Depuis 1972, la Ville de Winnipeg a connu des conflits qui ont fait de la francophonie et du patrimoine des sources de divisions importantes, des lignes de faille dans le tissu social. Déjà en 1983, au milieu de tensions extrêmes, le conseil de Ville a augmenté la discorde en ajoutant une question référendaire aux élections municipales : il demandait aux citoyens si la Province devait laisser tomber sa proposition de constitutionnaliser des services en français. Comme quoi le conseil estimait que les droits de la minorité pouvaient être assujettis à la volonté populaire même sur une question qui ne relevait pas de Winnipeg, mais de la Province.

Quant au patrimoine, la Ville continue de trébucher d’une catastrophe potentielle à l’autre. En 2004, elle a déclaré son intention de vendre un lot situé à côté du site même de l’historique Upper Fort Garry. Lorsqu’elle a choisi un développeur qui voulait y construire un condominium, un groupe de bénévoles, les Amis du Upper Fort Garry, s’est soulevé contre la décision. Il s’est entendu avec l’acheteur pour trouver un autre site.
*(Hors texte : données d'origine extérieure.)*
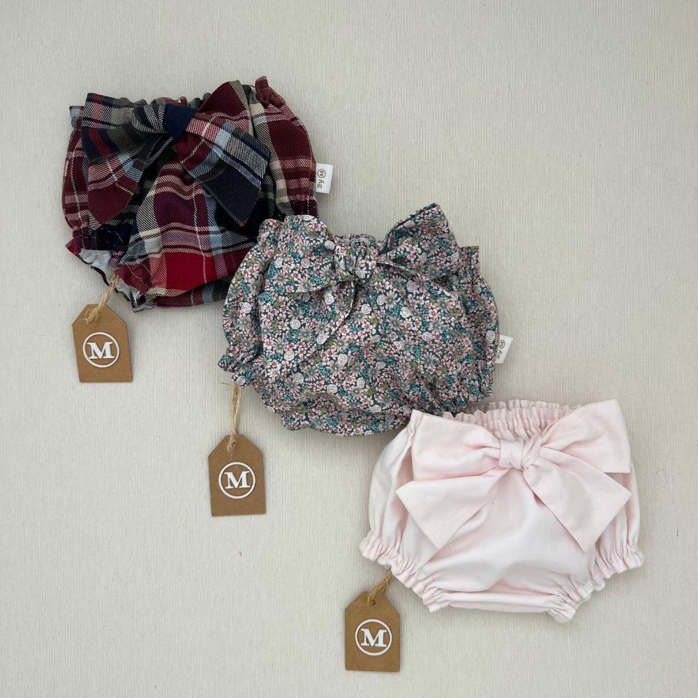 Un esencial para cualquier bebé: culotes , también conocidos como braguitas o cubrepañales, perfectos para usar solos o combinados con vestidos y blusones. Confeccionados con tejidos de alta calidad y forrados en 100% algodón orgánico, son suaves para la piel delicada de tu bebé. En esta variante le hemos añadido un gracioso lazo en el delantero. Además, ofrecemos la opción de combinarlos con blusa y capota a juego de la misma tela, creando un look completo y coordinado. #Cubrepañales #AlgodónOrgánico #RopaBebé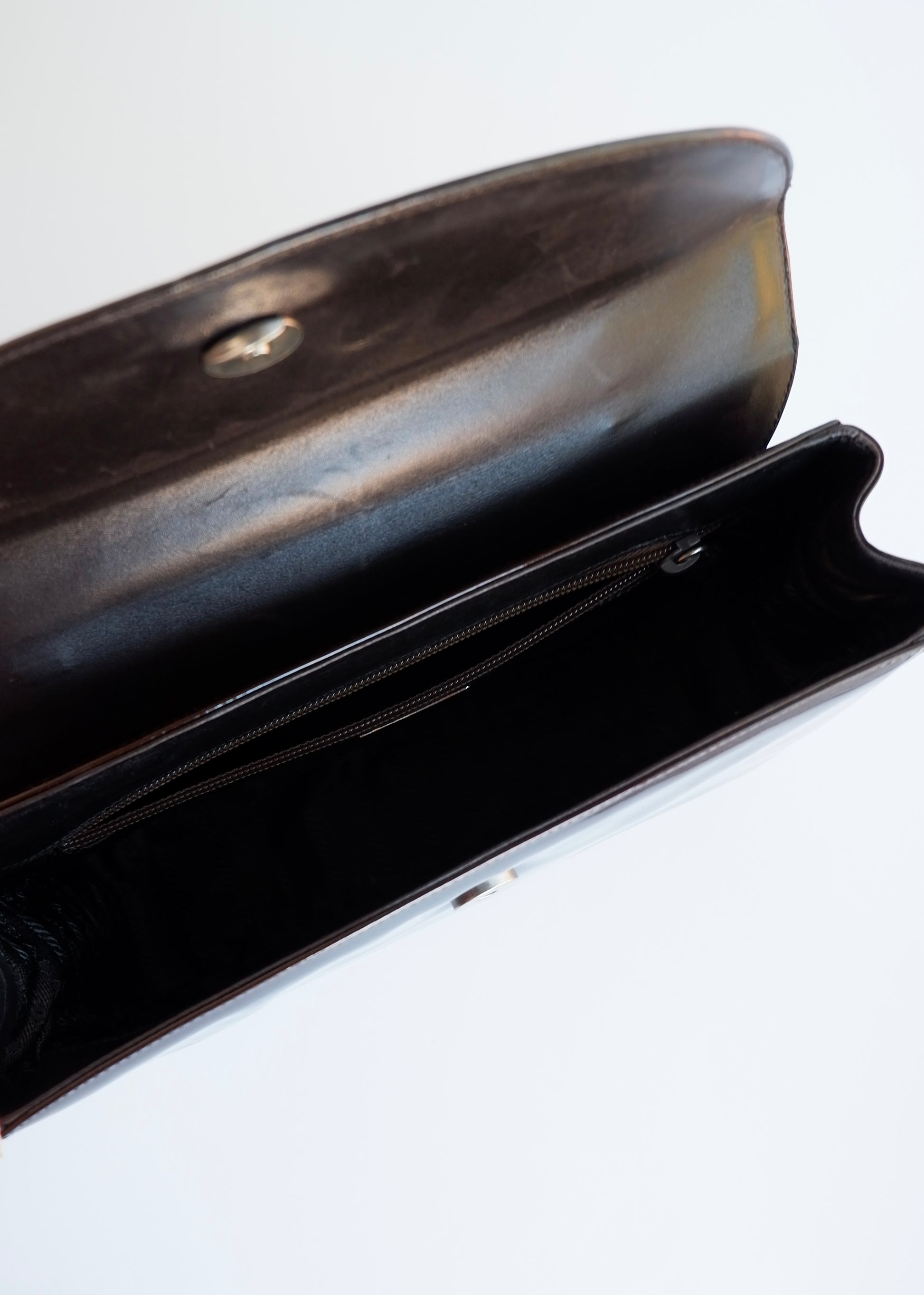 Condition: 8/10 – Good Condition. This bag shows light, general signs of wear. There is a subtle colour transfer on the underside of the top flap — a natural characteristic of patent leather, which can easily absorb colour if stored or worn in contact with other items. Overall, the exterior maintains a beautiful shine and the interior is clean.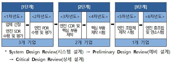 3개 기업(연합체)을 선정해 소형발사체의 상단(2단) 엔진을 설계·제작하고 두 차례의 단계평가를 통해 최종 1개 업체를 선정해 설계·제작한 엔진의 성능시험을 진행한다.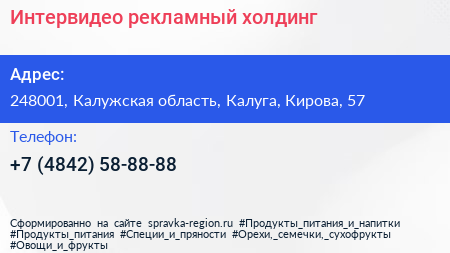 Интервидео, рекламный холдинг по адресу 248001, Калужская область, Калуга, Кирова, 57 в дальнейшем Организация, размещена в следующих категориях:

Malgré l’opposition soutenue du maire Sam Katz, l’ensemble du site de l’ancien fort est devenu un parc patrimonial qui commémore l’endroit où avait siégé le gouvernement provisoire de Louis Riel en 1869-1870.
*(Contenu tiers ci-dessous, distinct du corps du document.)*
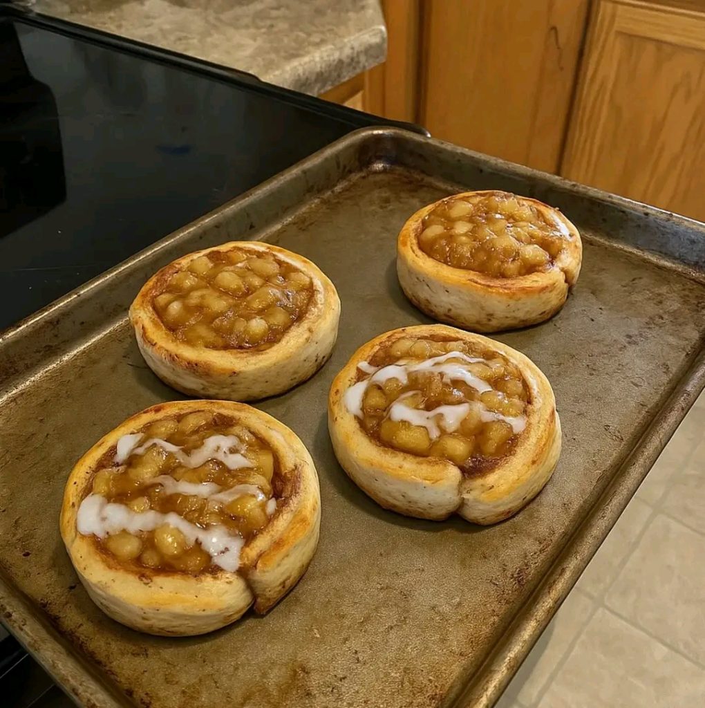 - Place a spoonful of apple filling in the center of each flattened roll.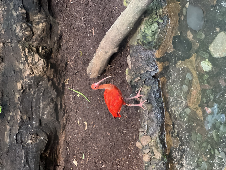 - "An overhead shot shows a vibrant scarlet ibis standing on brown ground beside a rocky, water-filled edge" by FM-8yKDv2, licensed under CC BY 4.0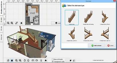 程序的突出特点之一是楼梯构造器。一旦决定放置楼梯,此工具会自动在天花板上开口,并允许您自定义台阶,扶手和平台。

Aujourd’hui, la ville risque de provoquer un désastre patrimonial. Les archives des 13 entités fusionnées en 1972 languissent depuis 2013 dans un entrepôt difficilement accessible, sans contrôle de la température et de l’humidité, et qui pourrait être détruit par les flammes qui ont  déjà causé des dommages deux fois dans le voisinage. Ces archives comprennent celles des anciennes villes de Saint-Boniface et de Saint-Vital.
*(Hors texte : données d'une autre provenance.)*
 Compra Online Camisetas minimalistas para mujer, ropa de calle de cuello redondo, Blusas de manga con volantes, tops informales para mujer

La controverse provoquée par la vente possible de l’ancien hôtel de ville et de l’ancienne caserne des pompiers de Saint-Boniface fait ressortir deux des lignes de faille de la Ville, la francophonie et le patrimoine. Elle reflète l’incapacité de Winnipeg de se réconcilier à la présence francophone et de comprendre l’importance que les francophones attachent à leur patrimoine.

La disparition de la Ville de Saint-Boniface n’a pas fait disparaître la francophonie. Des générations de francophones ont cherché à se frayer un chemin dans une société manitobaine tantôt indifférente, tantôt hostile. L’hôtel de ville est devenu un symbole de leur résilience. Le plus récent exemple de l’indifférence de la part du conseil de Ville serait une excellente occasion de se sensibiliser à l’importance de ce symbole et de faire d’une pierre deux coups : résorber la ligne de faille de la francophonie et celle du patrimoine.